++++ Task data ++++

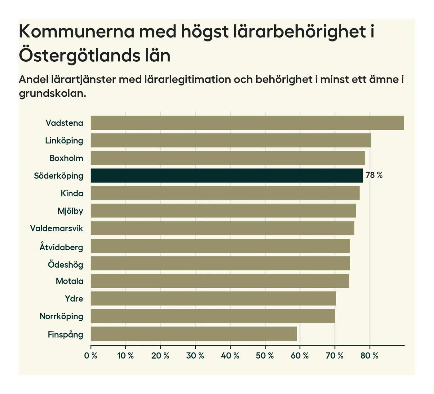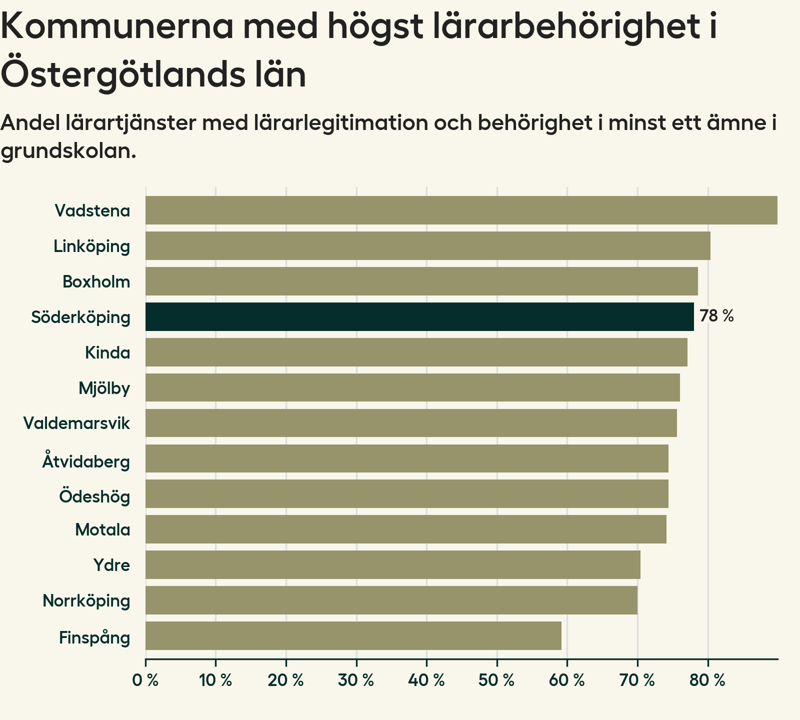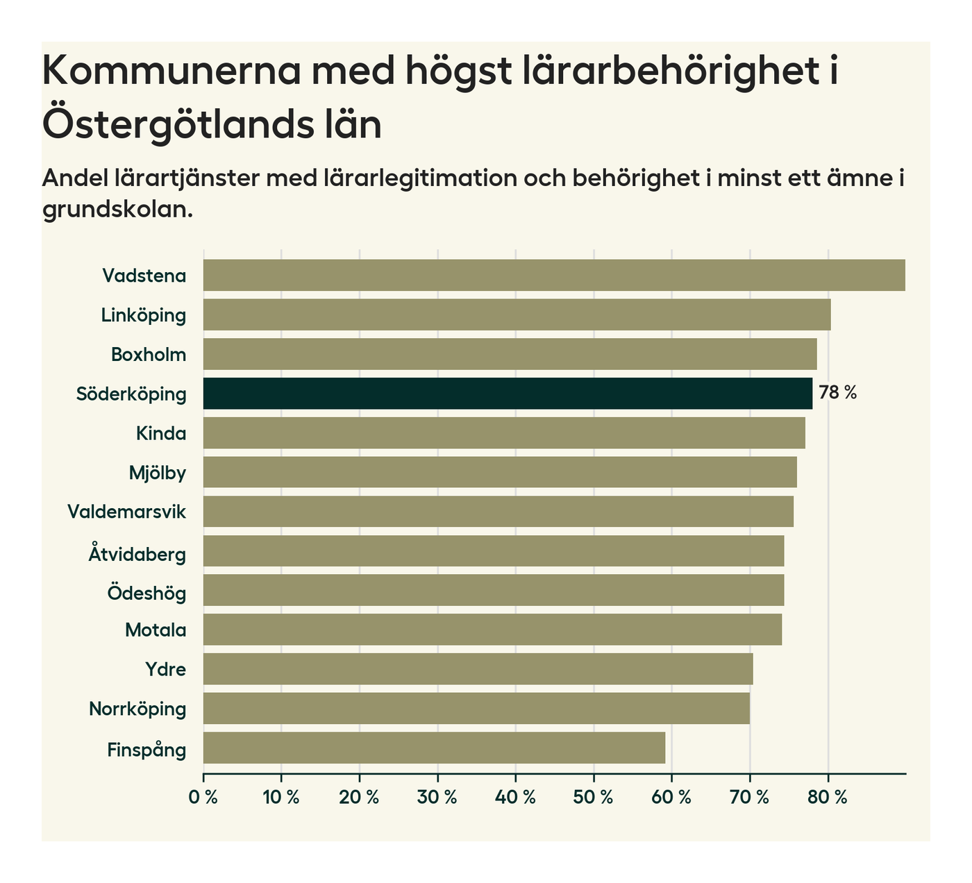 Av de sammanlagt 131 heltidstjänsterna i grundskolan i Söderköpings kommun (motsvarande 155 lärare) var det 102 som hade lärarlegitimation och behörighet i minst ett ämne.
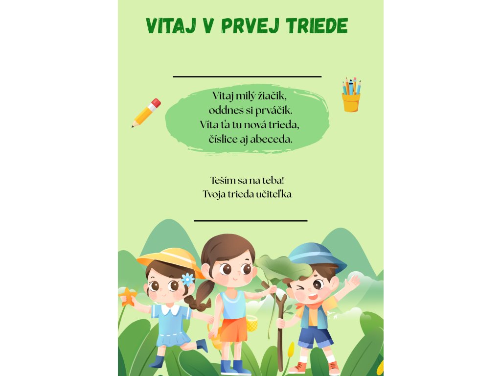 Uvítací list pre prvákov. Možnosť doplnenia názvu školy. V prípade záujmu napíšte názov školy do poznámky pri realizovaní objednávky.
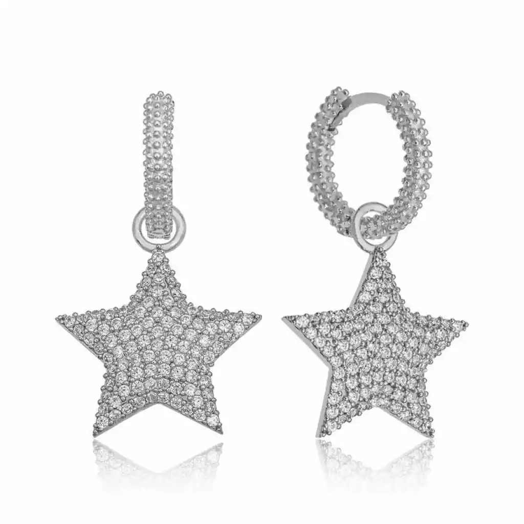 Yıldız, pek çok toplumda ve öğretide şans getirildiğine inanılan uğurlu bir semboldür. Venüs Gezegeninin enerjisini taşır. Venüs Gezegeni, aşk ve aşk enerjisinin de temsilcisidir. Bu şık zirkon taşlardan oluşan yıldız küpe; doğum günü hediyesi, sevgililer günü hediyesi veya özel günlerde tercih edilebilecek mükemmel bir seçenektir. Gümüş rodyum zirkon taşlı yıldız bayan küpe 925 ayar gümüşten imal edilmiştir. Bu küpe üzerinde rodyum kaplama vardır. Rodyum kaplama yapılan gümüş bayan küpe modelleri parlaklığını uzun süre muhafaza eder. Tüm gümüş bayan küpe modellerimizde olduğu gibi gümüş rodyum taşlı yıldız bayan küpe modeli de el emeği ile üretilmiştir. Gümüş ve değerli taşlar nedeniyle belirtilen ortalama ürün ağırlığında ± %10 sapma olabilmektedir.
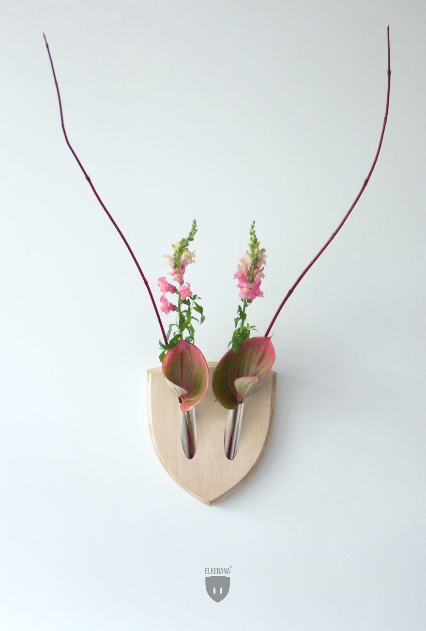 Zabudnite na trofeje mŕtvych zvierat a namiesto toho ozdobte steny svojho bytu kvetinovým umením „Elkebana“ od talianskeho dizajnérskeho dua Fabio Milito a Studio Paula. Ikebane, alebo "Elkebana" rastlinné trofeje, pozostávajúce z držiakov, ktoré sa spájajú s rohovými prílohami a akýmikoľvek kvetmi alebo vetvami, sú skutočnou pastvou pre oči.
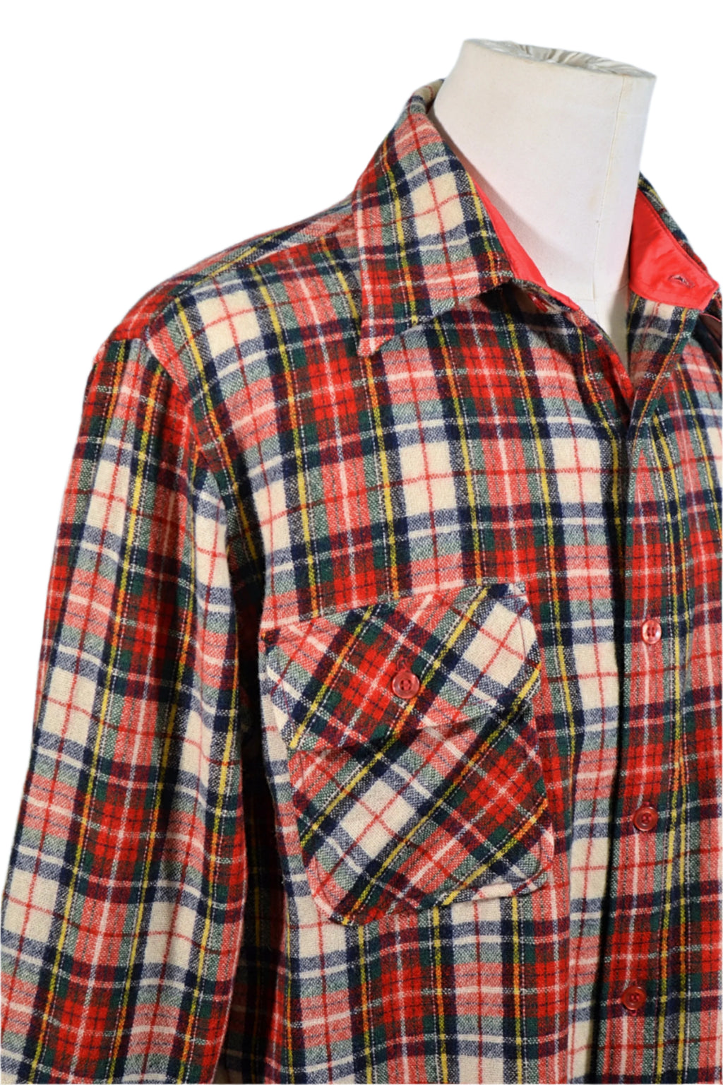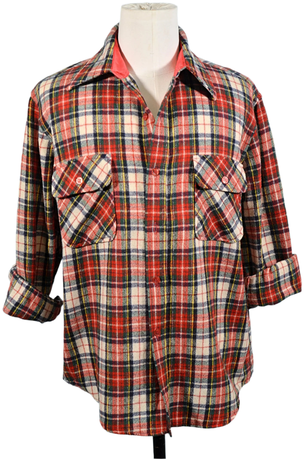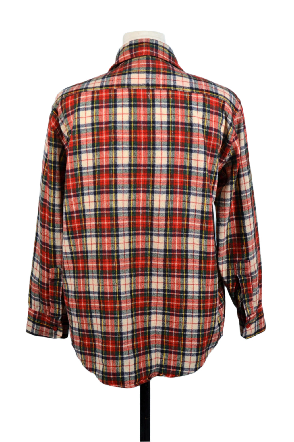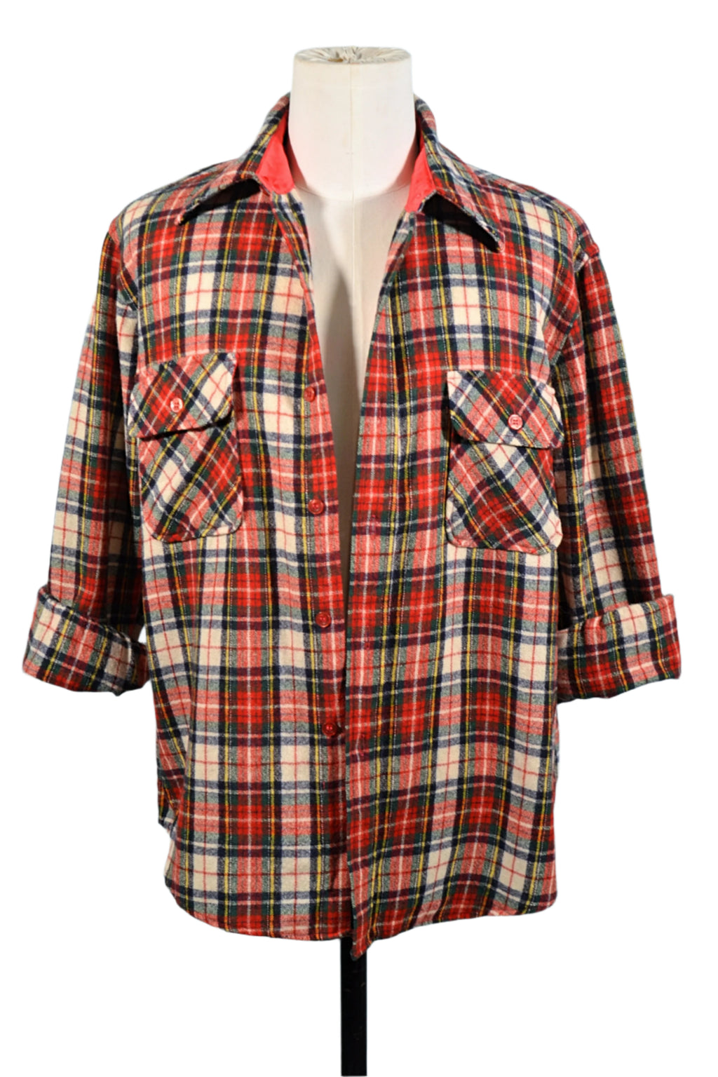 JC Pennys Vintage 60s/70s Wool Tartan Plaid Shirt, Buttoned Pocket Board Shirt L
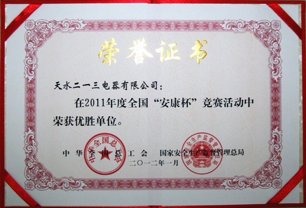 2011年度,中華全國(guó)總工會(huì)和國(guó)家安全生產(chǎn)監(jiān)督管理總局在全國(guó)企事業(yè)單位開(kāi)展了以“抓班組,提高管理水平;重教育,推進(jìn)安全文化”為主題的“安康杯”競(jìng)賽活動(dòng)。長(zhǎng)城電工天水二一三電器有限公司在這次活動(dòng)中,表現(xiàn)優(yōu)異,榮獲優(yōu)勝單位稱(chēng)號(hào)。
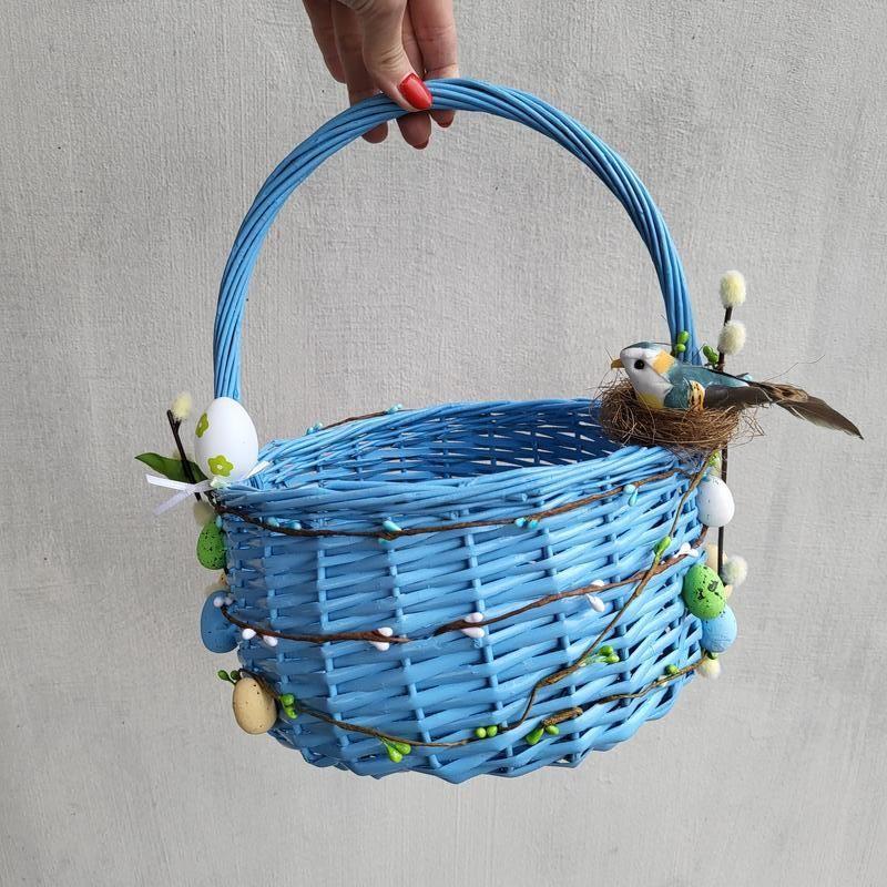 Дитячий пасхальний кошик з пташкою в гнізді та яєчками для хлопчиків. Кошик плетений з лози та пофарбований у блакитний колір. Розмір кошика (діаметр): Діаметр 16 -17 см ( 1-4 роки) - 360 грн 18-19 см(4-6 років) - 375 грн 20-22 см ( від 7-8 років) - 390 грн
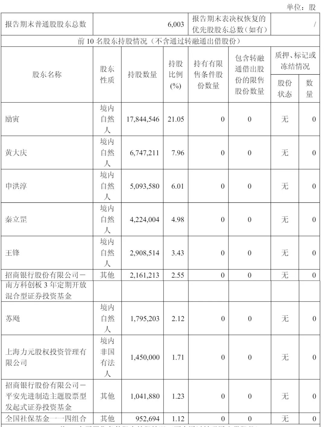 黄大庆持股7.96%,王锋持股为3.43%,招商银行股份有限公司-南方科创板 3 年定期开放混合型证券投资基金持股为2.55%;

++++

Exercise objective: Write out each entry exactly, images excluded.

Solution for this problem:
 Av de sammanlagt 131 heltidstjänsterna i grundskolan i Söderköpings kommun (motsvarande 155 lärare) var det 102 som hade lärarlegitimation och behörighet i minst ett ämne.
 Uvítací list pre prvákov. Možnosť doplnenia názvu školy. V prípade záujmu napíšte názov školy do poznámky pri realizovaní objednávky.
 Yıldız, pek çok toplumda ve öğretide şans getirildiğine inanılan uğurlu bir semboldür. Venüs Gezegeninin enerjisini taşır. Venüs Gezegeni, aşk ve aşk enerjisinin de temsilcisidir. Bu şık zirkon taşlardan oluşan yıldız küpe; doğum günü hediyesi, sevgililer günü hediyesi veya özel günlerde tercih edilebilecek mükemmel bir seçenektir. Gümüş rodyum zirkon taşlı yıldız bayan küpe 925 ayar gümüşten imal edilmiştir. Bu küpe üzerinde rodyum kaplama vardır. Rodyum kaplama yapılan gümüş bayan küpe modelleri parlaklığını uzun süre muhafaza eder. Tüm gümüş bayan küpe modellerimizde olduğu gibi gümüş rodyum taşlı yıldız bayan küpe modeli de el emeği ile üretilmiştir. Gümüş ve değerli taşlar nedeniyle belirtilen ortalama ürün ağırlığında ± %10 sapma olabilmektedir.
 Zabudnite na trofeje mŕtvych zvierat a namiesto toho ozdobte steny svojho bytu kvetinovým umením „Elkebana“ od talianskeho dizajnérskeho dua Fabio Milito a Studio Paula. Ikebane, alebo "Elkebana" rastlinné trofeje, pozostávajúce z držiakov, ktoré sa spájajú s rohovými prílohami a akýmikoľvek kvetmi alebo vetvami, sú skutočnou pastvou pre oči.
 JC Pennys Vintage 60s/70s Wool Tartan Plaid Shirt, Buttoned Pocket Board Shirt L
 2011年度,中華全國(guó)總工會(huì)和國(guó)家安全生產(chǎn)監(jiān)督管理總局在全國(guó)企事業(yè)單位開(kāi)展了以“抓班組,提高管理水平;重教育,推進(jìn)安全文化”為主題的“安康杯”競(jìng)賽活動(dòng)。長(zhǎng)城電工天水二一三電器有限公司在這次活動(dòng)中,表現(xiàn)優(yōu)異,榮獲優(yōu)勝單位稱(chēng)號(hào)。
 Дитячий пасхальний кошик з пташкою в гнізді та яєчками для хлопчиків. Кошик плетений з лози та пофарбований у блакитний колір. Розмір кошика (діаметр): Діаметр 16 -17 см ( 1-4 роки) - 360 грн 18-19 см(4-6 років) - 375 грн 20-22 см ( від 7-8 років) - 390 грн
 黄大庆持股7.96%,王锋持股为3.43%,招商银行股份有限公司-南方科创板 3 年定期开放混合型证券投资基金持股为2.55%;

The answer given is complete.